## Task brief
Each line of the listing, apart from the pictures, is to be printed exactly.

+++ Data

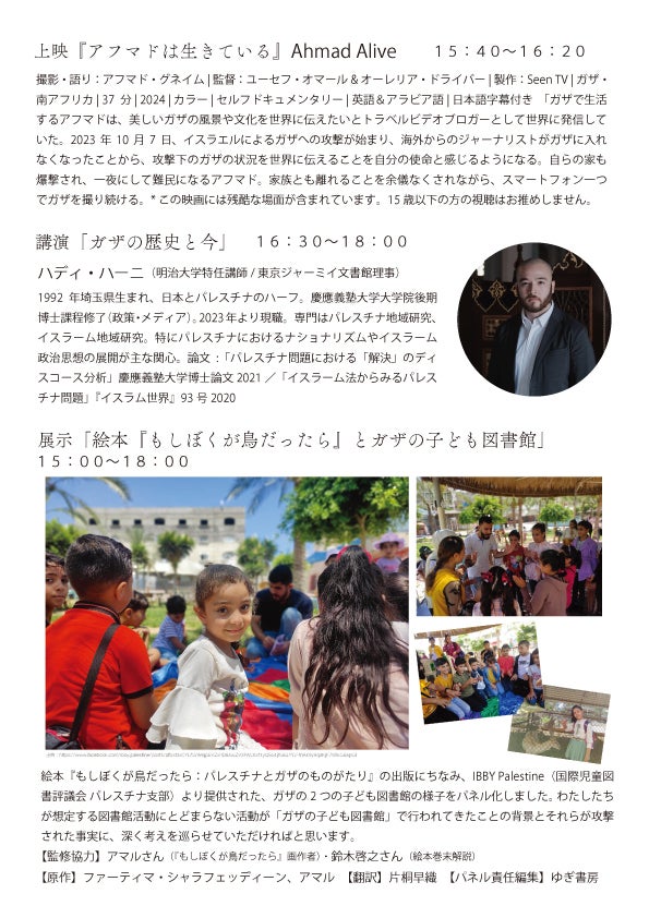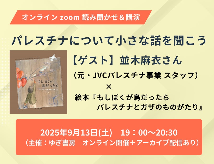 真鶴町のステキな書店さん・道草書店にて、「絵本『もしぼくが鳥だったら』とガザの子ども図書館」展が開催中です。講演会アーカイブの視聴会も開かれます。ぜひご参加ください。◆「絵本『もしぼくが鳥だったら』とガザの子ども図書館」展◆2026年3月2日(月)~31日(火) 11:00~17:00・日、水、祝日はお休み (変則あり。また、貸切営業の場合があります。)◆会場:道草書店 (神奈川県・真鶴町/JR真鶴駅より徒歩5分ほど)詳細は以下より道草書店 インスタグラムnightjar/よだか インスタグラム※インスタグラム閲覧できないなどの場合には、ゆぎ書房info@yugishobou.com へお問い合わせください。◆講演会アーカイブの会場視聴会(1/23ゆぎ書房開催の鈴木啓之さんご講演アーカイブ視聴会)「パレスチナについての小さな話をみんなで聞こう」◆日時 2026年3月22日(日)①開場9:45、上映10:00~11:30ごろ②開場13:45、上映14:00~15:30ごろ各回の終映後1時間ほどおしゃべりタイムあり(自由参加)◆会場 道草書店 (神奈川県・真鶴町/JR真鶴駅より徒歩5分ほど)詳細とお申込みは以下より道草書店 インスタグラムnightjar/よだか インスタグラム※インスタグラム閲覧できないなどの場合には、ゆぎ書房info@yugishobou.com へお問い合わせください。
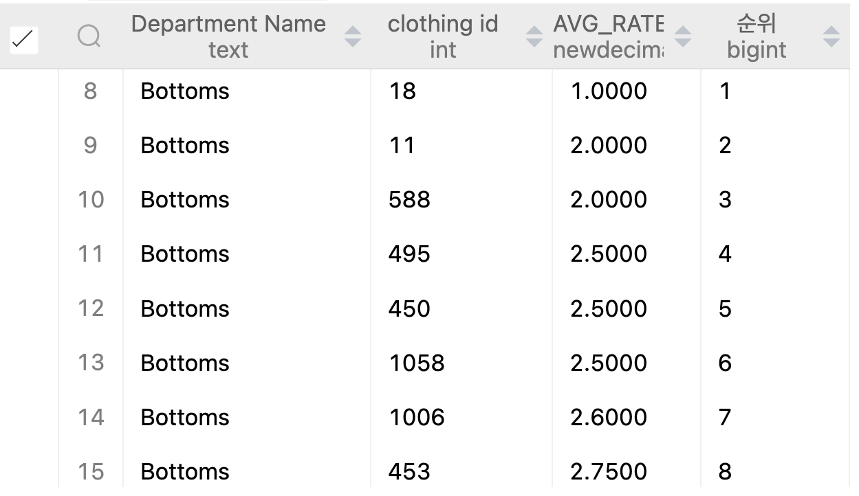 임시테이블인 stat를 가지고 Department Name 이 bottoms 인 clothing id를 조회한다.
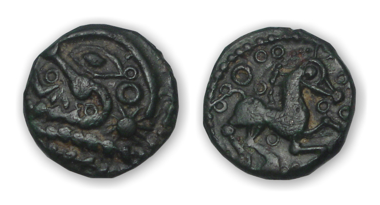 Revers : R/ Anépigraphe. Cheval libre galopant à droite, le cheval est accosté de plusieurs annelets, au-dessus du cheval, quatre annelets posés en carré avec un gros annelet central.

++++++

## Response area
 真鶴町のステキな書店さん・道草書店にて、「絵本『もしぼくが鳥だったら』とガザの子ども図書館」展が開催中です。講演会アーカイブの視聴会も開かれます。ぜひご参加ください。◆「絵本『もしぼくが鳥だったら』とガザの子ども図書館」展◆2026年3月2日(月)~31日(火) 11:00~17:00・日、水、祝日はお休み (変則あり。また、貸切営業の場合があります。)◆会場:道草書店 (神奈川県・真鶴町/JR真鶴駅より徒歩5分ほど)詳細は以下より道草書店 インスタグラムnightjar/よだか インスタグラム※インスタグラム閲覧できないなどの場合には、ゆぎ書房info@yugishobou.com へお問い合わせください。◆講演会アーカイブの会場視聴会(1/23ゆぎ書房開催の鈴木啓之さんご講演アーカイブ視聴会)「パレスチナについての小さな話をみんなで聞こう」◆日時 2026年3月22日(日)①開場9:45、上映10:00~11:30ごろ②開場13:45、上映14:00~15:30ごろ各回の終映後1時間ほどおしゃべりタイムあり(自由参加)◆会場 道草書店 (神奈川県・真鶴町/JR真鶴駅より徒歩5分ほど)詳細とお申込みは以下より道草書店 インスタグラムnightjar/よだか インスタグラム※インスタグラム閲覧できないなどの場合には、ゆぎ書房info@yugishobou.com へお問い合わせください。
 임시테이블인 stat를 가지고 Department Name 이 bottoms 인 clothing id를 조회한다.
 Revers : R/ Anépigraphe. Cheval libre galopant à droite, le cheval est accosté de plusieurs annelets, au-dessus du cheval, quatre annelets posés en carré avec un gros annelet central.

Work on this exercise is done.